Fraises d’Espagne, on arrête le massacre ?

Aujourd’hui, attaque en règle de la fraise d’Espagne encore trop fréquente sur nos étals. La chiquita fresa de Donana va en prendre plein la poire. Attention, ça tâche !

Toxique à tous les étages, la fraise d’Espagne fait partie de nos importations massives :
plus de 80 000 tonnes chaque année.

Qu’on se le dise, l’envie de fraises n’est pas qu’une question d’hormones. Dès les premiers beaux jours tout le monde en veut dans son assiette, polichinelle dans le tiroir ou pas. L’industrie, toujours à l’affût de nos désirs intensifie donc la cadence. En 15 ans, la production mondiale a doublé. Chaque seconde on produit dans le monde 129 kilos de la belle rouge, soit au final plus de 4 milliards de kilos chaque année. Où ça ? Aux Etats-Unis et en Espagne qui assurent respectivement 1,1 milliard et près de 300 millions de kilos. Dans ce contexte, l’Hexagone avec ses 3 000 producteurs et ses 50 à 70 millions de kilos est… aux fraises.

Fraise contre lynx
Le problème c’est qu’en France, on se boulotte près de 2 kg de fraises par an et par personne. Si vous faites le calcul, ça fait donc 130 millions de kilos de fraises avalées : le compte n’est pas bon. Garriguette, ciflorette, charlotte ou mara des bois ne font pas le poids même si l’on intensifie les productions en multipliant les cultures hors sols. Pour combler notre déficit, on n’hésite pas à faire venir la belle en camion et à lui faire parcourir près de 1500 kilomètres. Car c’est en Andalousie, dans la région de Huelva qu’on en produit le plus.

Depuis les années 60, sur la côte Ouest de l’Espagne, c’est le paradis de la fraise et l’enfer des écologistes. Sur près de 6000 hectares, de gigantesques bâches recouvrent les paysages et grignotent en toute impunité le territoire du parc naturel de Donana, l’un des plus grands sites naturels protégés d’Europe. Mais ce n’est pas tout, les cultures pompent un tiers des réserves en eau de la région se souciant comme une guigne des besoins des 500 000 oiseaux qui y trouvent refuge chaque hiver, encore moins du lynx ibérique, figure locale menacée d’extinction. Pour éviter que la zone humide ne se transforme en savane, le WWF a tiré la sonnette d’alarme en 2007, des pétitions ont tourné sur le net. Mais la fresa espagna est toujours là.

4500 tonnes de plastique sont utilisées chaque année. Fantastique !

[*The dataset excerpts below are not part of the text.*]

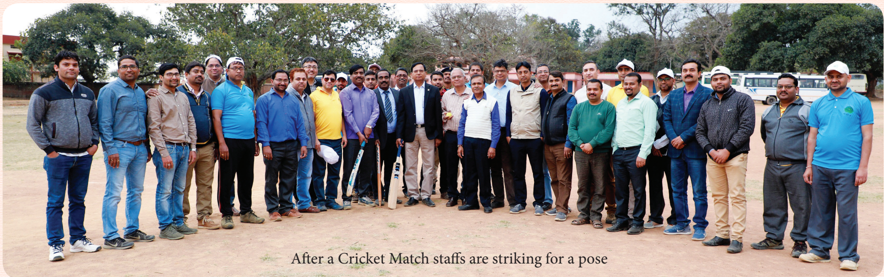
After a Cricket Match staffs are striking for a pose
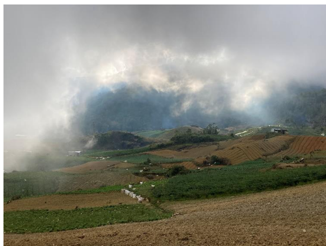
Trail checking in the cloud base up at the Mesilau vegetable patch. We will replace the most mud prone sections.

The course maintains all the (in)famous signature trails such as the Jungle Rumble between W2 and W3, the Pineapple Ridge from W3 to W4, the Bukit Dallas trail up to the finish line for the 30k and 50k categories and the Happy Villa view hill on the 7.5k trail. We will be just past full moon for the 37k night run with a good chance of some spectacular night views to Mt. Kinabalu on a clear night.
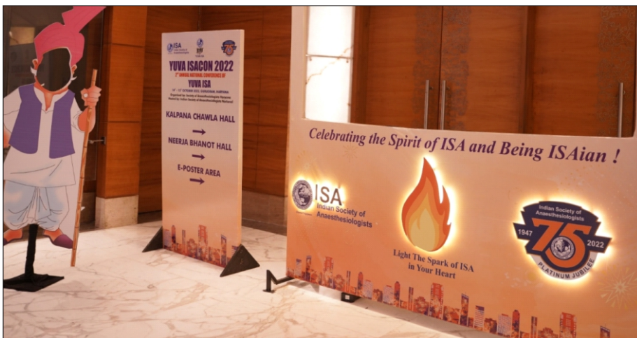
ISA National Platinum Jubilee Celebrations Gurugram, Haryana (15 October 2022)
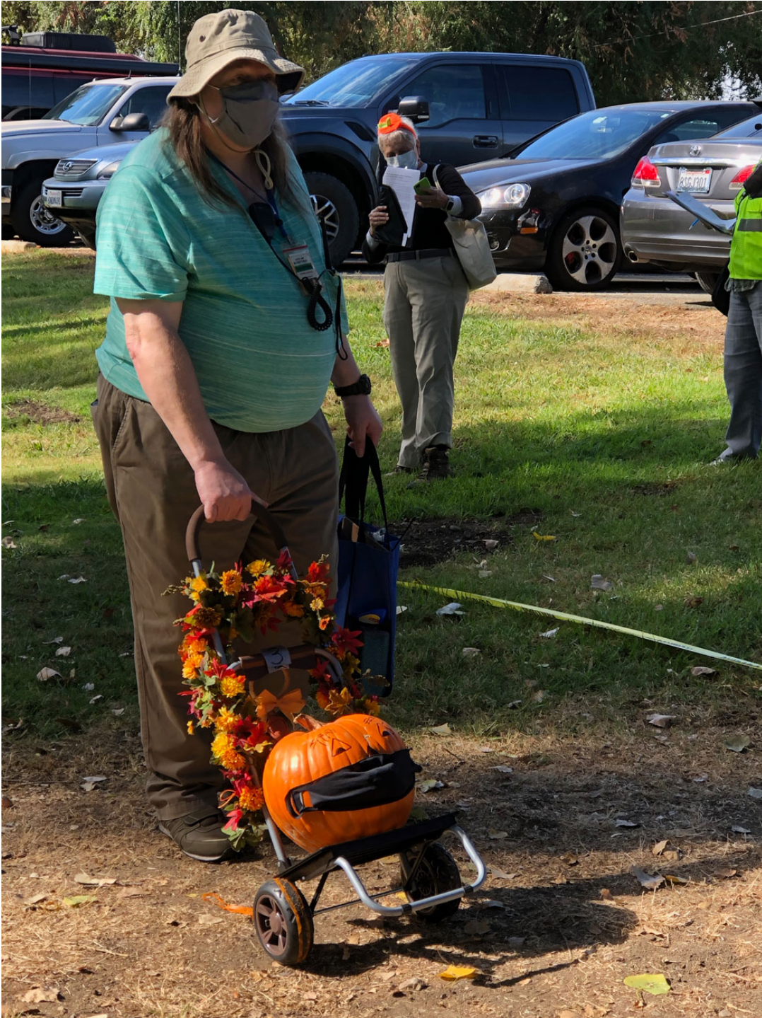
A flowery float comes along.
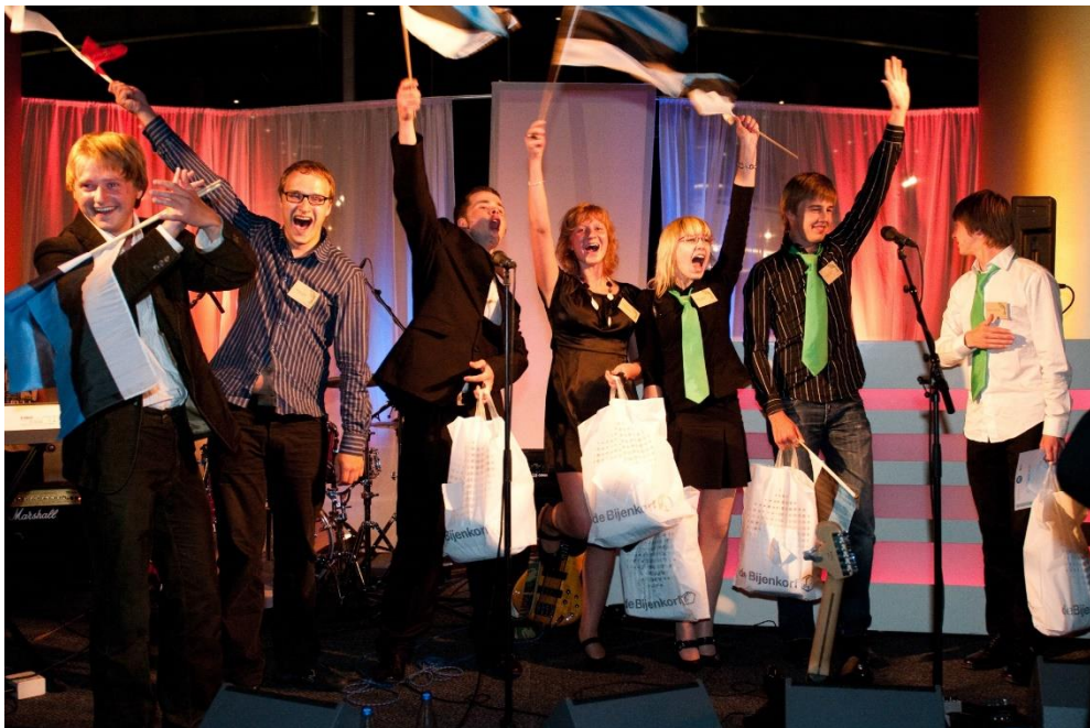
Touch of Green – Winner 2009

Garantie 100% produits chimiques
Elle est bonne au moins cette fraise d’Espagne ? Si on aime les fruits au goût de concombre, pourquoi pas. Si on apprécie les produits chimiques aussi. En 2005, la DGCCRF (la direction des fraudes donc) a trouvé des traces de pesticides dans 76% des barquettes contrôlées. Le verdict d’une étude allemande est encore pire : il y aurait au total plus de 105 molécules différentes détectées, parmi lesquelles le cyprodinil, le fludioxonil, le fenhexamide, le tolylfluanide (désormais interdit en France) et l’azoxystrobine. Bon appétit.

Saisons à la carte
Vous en voulez encore ? On continue. Claude-Marie Vadrot, journaliste baroudeur de la première heure et auteur « des fraises en hiver » rappelle que la production est totalement artificielle. L’été, les plants sont placés dans des frigos pour leur faire croire que c’est l’hiver et avancer la production. Au printemps, les bâches noires permettent de chauffer à bloc le sol. Et à l’automne, c’est le grand ménage de printemps. « La terre sableuse est nettoyée, stérilisée, la microfaune détruite, avec du bromure de méthyl et de la chloropicrine. Le premier est un poison violent interdit par le protocole de Montréal sur les gaz attaquant la couche d’ozone signée en 1987 (dernier délai en 2005) ; le second, composé de chlore et d’ammoniaque est aussi un poison : il bloque les alvéoles pulmonaires en entraînant de violentes douleurs. Il a longtemps servi de gaz de combat et a été utilisé pour la dernière fois par Ali Hassan Al-Madjid dit Ali le Chimique, au Kurdistan, contre les Chiites et contre les Iraniens pour le régime de Saddam Hussein, ce qui lui a valu l’année dernière une condamnation à la peine de mort… »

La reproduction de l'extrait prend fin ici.